* WHAT IS NEEDED:
Copy, please, the line with "Avrupa’dan Anadolu’ya Kültür" and each line that follows it through the end of the data below, exactly as given and without pictures.

* MATERIAL TO PROCESS:

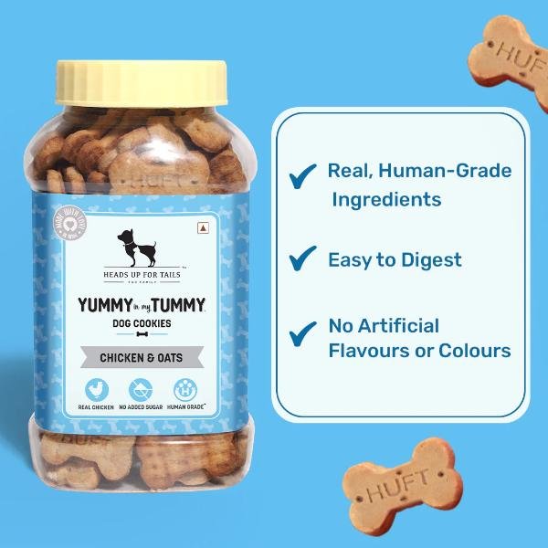 Your search ends here! Health meets taste in HUFT Yummy In My Tummy dog biscuits. Unlike other dog biscuits, ours contain no artificial flavouring or colours, harmful maida (refined flour) or processed sugar. These biscuits are made with only 100% real, human-grade ingredients like fresh chicken, slow-dried chicken liver powder, oats, atta (whole wheat flour) and rice flour, along with lots of love and care!
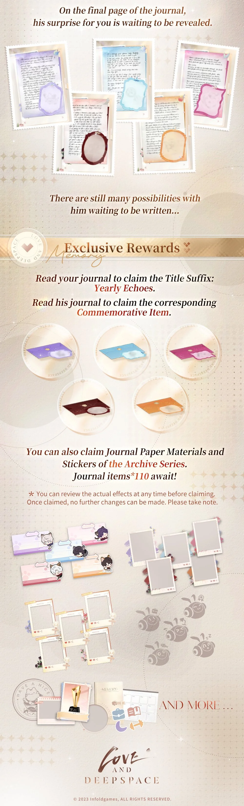 You can also claim Journal Paper Materials and Stickers of the [Archive Series]. Journal items*110 await!
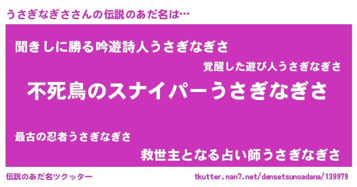 | ヘコむあだ名 | 『うさっふぃ~』『うさぎなぎさ(小並感)』 |
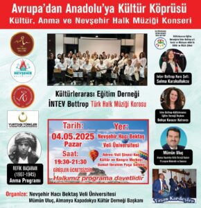 Avrupa’dan Anadolu’ya Kültür Köprüsü kültür, sanat, anma ve müzik şölenlerine davetlisiniz Almanya Kapadokya Kültür Derneği Başkanı Mümün Uluç, uzun yıllardır Avrupa’da Kapadokya bölgesinin tanıtımını ve kültürel etkinliklerini başarıyla organize ediyor…
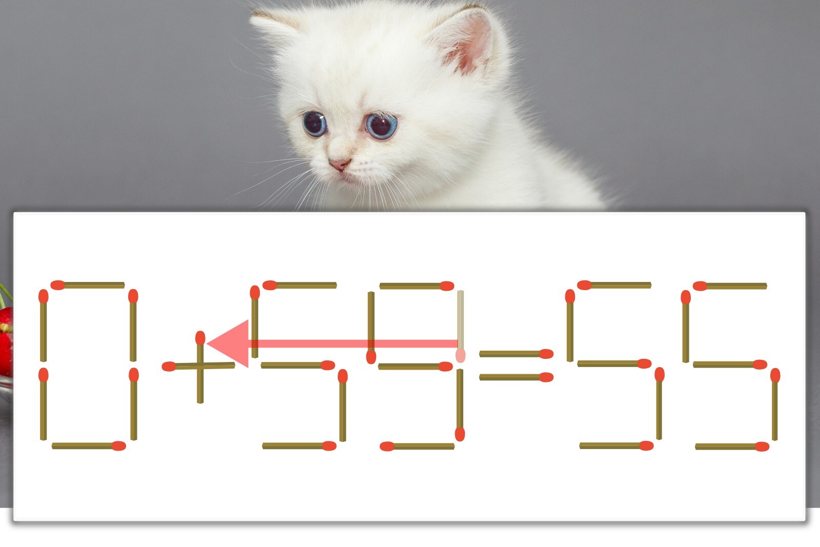 「9」を別の数字に変化させると答えが導き出せます。「9」のマッチ棒を1本移動して、「-」を「+」にしてみましょう。すると、「0+55=55」が成立します。
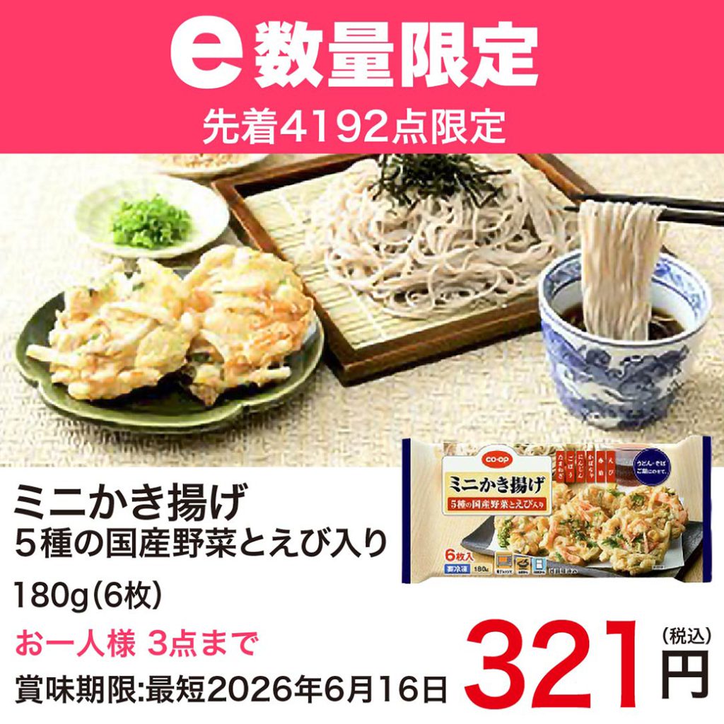 5種の国産野菜と干しえび🦐を使ったミニサイズのかき揚げです。

* RESULT:
 Avrupa’dan Anadolu’ya Kültür Köprüsü kültür, sanat, anma ve müzik şölenlerine davetlisiniz Almanya Kapadokya Kültür Derneği Başkanı Mümün Uluç, uzun yıllardır Avrupa’da Kapadokya bölgesinin tanıtımını ve kültürel etkinliklerini başarıyla organize ediyor…
 「9」を別の数字に変化させると答えが導き出せます。「9」のマッチ棒を1本移動して、「-」を「+」にしてみましょう。すると、「0+55=55」が成立します。
 5種の国産野菜と干しえび🦐を使ったミニサイズのかき揚げです。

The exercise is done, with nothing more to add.